───── DATA ─────

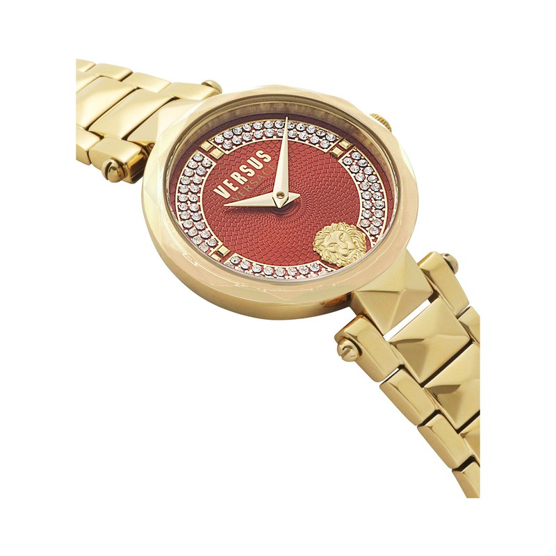 Versus Versace Covent Garden Collection Luxury Womens Watch Timepiece with a Gold Bracelet Featuring a Gold Case and Red Dial
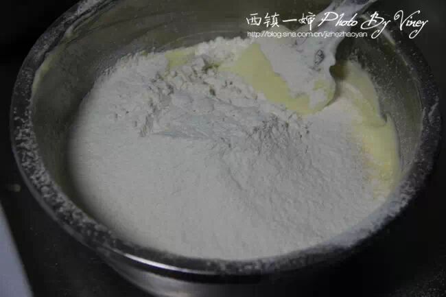 8、之后将低粉、盐和泡打粉混合过筛,先筛一半到上一步的蛋黄糊中,稍微搅拌均匀。
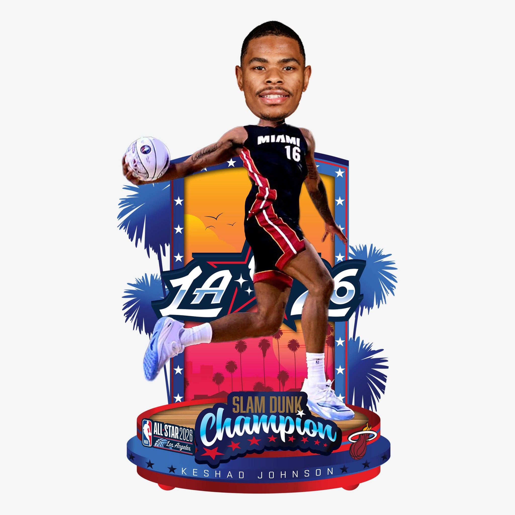 High flyer. Rim rocker. Dunk contest dominator. Celebrate an unforgettable All-Star Weekend performance with this Keshad Johnson Miami Heat 2026 NBA All-Star Slam Dunk Winner Bobblehead!
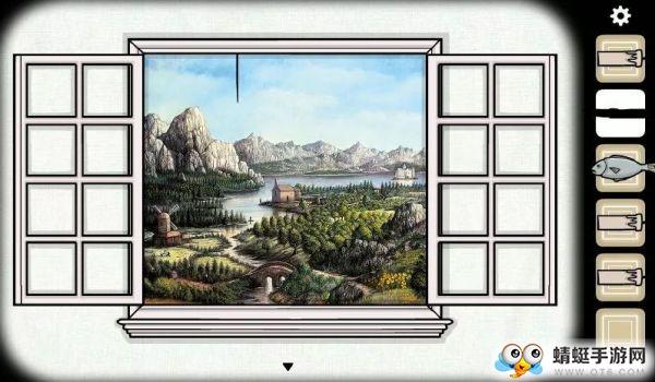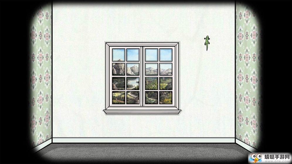 再往左转是一台座钟,指针可以拨动,另外下方钟柜需要特殊的钥匙打开。后文再说。继续往左转看到一扇窗户,外面的风景是锈湖的经典场景,但是一条缝表明这只是一张风景画。墙上还有一只绿色的壁虎,点击会爬走。但是现在没法抓住它,我们后面再说。

─────

> **TASK TO COMPLETE**
The answer should contain all the material above, copied exactly, and no images.

> **ANSWER SPACE**
 Versus Versace Covent Garden Collection Luxury Womens Watch Timepiece with a Gold Bracelet Featuring a Gold Case and Red Dial
 8、之后将低粉、盐和泡打粉混合过筛,先筛一半到上一步的蛋黄糊中,稍微搅拌均匀。
 High flyer. Rim rocker. Dunk contest dominator. Celebrate an unforgettable All-Star Weekend performance with this Keshad Johnson Miami Heat 2026 NBA All-Star Slam Dunk Winner Bobblehead!
 再往左转是一台座钟,指针可以拨动,另外下方钟柜需要特殊的钥匙打开。后文再说。继续往左转看到一扇窗户,外面的风景是锈湖的经典场景,但是一条缝表明这只是一张风景画。墙上还有一只绿色的壁虎,点击会爬走。但是现在没法抓住它,我们后面再说。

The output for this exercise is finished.